Who Do You Think You Are? (BBC1), TV review: A rip-roaring story from Brian Blessed - with some surprising miner details
Ellen E Jones
Ellen is The Independent's TV critic. She writes a daily review of Last Night's TV and a weekly 'Inside TV' column for the i paper, as well as a column on general topics for the main paper most Wednesdays. Ellen is a former Hollywood correspondent and a contributing editor to Little White Lies, she's written on TV, film, lifestyle, travel and politics for publications including the Guardian, The Times, The Sunday Times, Esquire and Total Film.
Friday 15 August 2014
There weren't enough reaction shots in the Brian Blessed episode of Who Do You Think You Are? (BBC1).
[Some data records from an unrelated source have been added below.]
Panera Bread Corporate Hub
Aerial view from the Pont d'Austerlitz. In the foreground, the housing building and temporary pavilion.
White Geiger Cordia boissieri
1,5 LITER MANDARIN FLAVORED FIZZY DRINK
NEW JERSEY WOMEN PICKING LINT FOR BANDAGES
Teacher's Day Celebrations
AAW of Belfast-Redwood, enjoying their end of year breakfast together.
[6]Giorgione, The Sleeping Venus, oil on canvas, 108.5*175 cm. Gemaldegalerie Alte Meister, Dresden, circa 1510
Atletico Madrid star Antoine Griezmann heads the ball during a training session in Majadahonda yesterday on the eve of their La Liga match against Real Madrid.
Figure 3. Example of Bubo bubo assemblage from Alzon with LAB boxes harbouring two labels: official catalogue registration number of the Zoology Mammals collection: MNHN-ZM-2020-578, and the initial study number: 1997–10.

When the 77-year-old actor was bursting into song on the train from London to Doncaster or projecting poetry to the metaphorical back row of a busy city street, we could only imagine the looks on the faces of the people passing by. Let the impressionists try to do justice to his rambunctious good humour, no one booms like Blessed, and in real life he's the fruity-voiced thesp exactly as advertised.
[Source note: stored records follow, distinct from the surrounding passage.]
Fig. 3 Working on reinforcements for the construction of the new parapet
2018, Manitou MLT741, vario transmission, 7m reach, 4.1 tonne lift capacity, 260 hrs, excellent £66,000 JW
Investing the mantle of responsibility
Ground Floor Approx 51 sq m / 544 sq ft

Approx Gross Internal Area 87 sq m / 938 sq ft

It came as more of a surprise to learn that this Shakespearean actor is the son of a miner raised in the South Yorkshire town of Mexborough and, moreover, that the name Brian Blessed was no Equity card invention, but given to him at birth. Blessed's father was a miner, and his father's father before him, but what of the rest of the line? Did they live up to their wonderful surname?
Who Do You Think You Are? often requires some imaginative input from the celebrity descendant. A few lines from the parish birth register, a grainy black and white photo and from this we must conjure up a whole human lifetime. Blessed had no trouble on that account, however.
As he stood in St Pancras Chapel, where his great-great-great-grandfather Barnabas Blessed had married in 1801, he put his dramatising powers to work on the scene, casting himself in the roles of both groom and bride, naturally: "BRAAAAVOO, Barnabas! Oh you MAAARVellous man!"
Alas, the good fortune of this ancestor was short-lived and Blessed, a man of obvious empathy, was deeply moved by a tale of infant mortality, orphaned children and the horrors of the workhouse.
At least by the mid-19th century, things were looking up. Jabez Blessed, his great-great-grandfather, had moved to Lincolnshire and fathered a total of 13 children, all of whom lived to adulthood. This virility Brian took as a personal compliment: "He didn't need the purple pill, did he? He was a RAAAANDY man! He served his country well!"
When our journey finally came to an end at Jabez's gravestone, he looked down at the ground and addressed his ancestor directly: "You lived life, Jabez! You lived it!" A merely symbolic gesture, perhaps, but then again, if anyone has a voice to wake the dead, Brian Blessed does.